Yellow Bird Chocolate Shop is an experience for the senses


The best way to taste chocolate is to let it melt in your mouth.

That way, Jenny Risner-Wade says, you can pick up on the flavor notes — and chocolate by itself has 300.

This symphony of flavor can be found in Yellow Bird Chocolate Shop. “Yellow Bird” was Jenny’s childhood nickname.

“I’ve always loved chocolate,” Jenny said. “The last few years I’ve really gotten interested in how to make chocolate from scratch. Dialing it all the way back to zero.”

It starts with a bean. Yellow Bird currently features four different kinds of beans from Guatemala, Dominican Republic, Columbia and Ghana.

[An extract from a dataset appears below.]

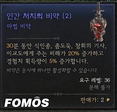 약 30분이라는 시간 동안 유지되는 비약 아이템을 사용하면 버프와 함께 5%의 추가 경험치를 얻을 수 있다. 버프는 전투에 직접 영향을 주는 혜택이 많기에 비약 버프는 되도록 유지하는 것이 좋다.

The ingredients are obtained through companies with proven ethical practices, which means beans that weren’t harvested through forced child labor. Jenny said it’s important to show that business can be done in ways that improve people’s lives.

A chocolate bar from Yellow Bird is going to have fewer ingredients than anything you buy in the grocery aisle. Jenny roasts the beans, grounds them up, adds cane sugar and then tempers with cocoa butter. No preservatives, wax or corn syrup.

Then she goes a little bit mad scientist, experimenting with tea, spices and botanicals.

There’s a milk chocolate bar with rose, coconut and lime. A lapsang souchong tea bar, flavored with chamomile and nutmeg. The Ghana bar has marigold, basil, rooibos tea and fennel. Spring Blossom is white chocolate with hibiscus.

When challenged to try making a garlic chocolate bar, Jenny launched her sweet-savory creation during a pop-up sale at Malleable Brewing Co. Customers there found that it goes well with beer.

Pop-ups were how she started, but Jenny is now ready for a bricks and mortar store. The walls of the shop are painted a cheerful yellow. A glass case is full of Jenny’s hand-crafted chocolate bars and truffles.  Along the top of the case, find bars that have been curated from all over the world, each inspired by that country’s crops and customs.

Take time to smell samples of the spices and teas that Jenny uses in her bars. Vietnamese cinnamon is so fragrant that you don’t need to take off your mask. If you like what you smell, you can buy a bag. Like her beans, the spices are single origin, supporting small farms. 

Yellow Bird is also doing business online, although it’s so new that Jenny hasn’t had time to set up an online store. If you see a chocolate bar you’d like on Facebook, send a message to Yellow Bird and a mail package can be arranged.

It’s worth it to go to the store in person, if you can. Yellow Bird is part of a handful of creative entrepreneurs who have popped up in downtown Albion. You can easily spend an afternoon shopping, eating and enjoying the parks.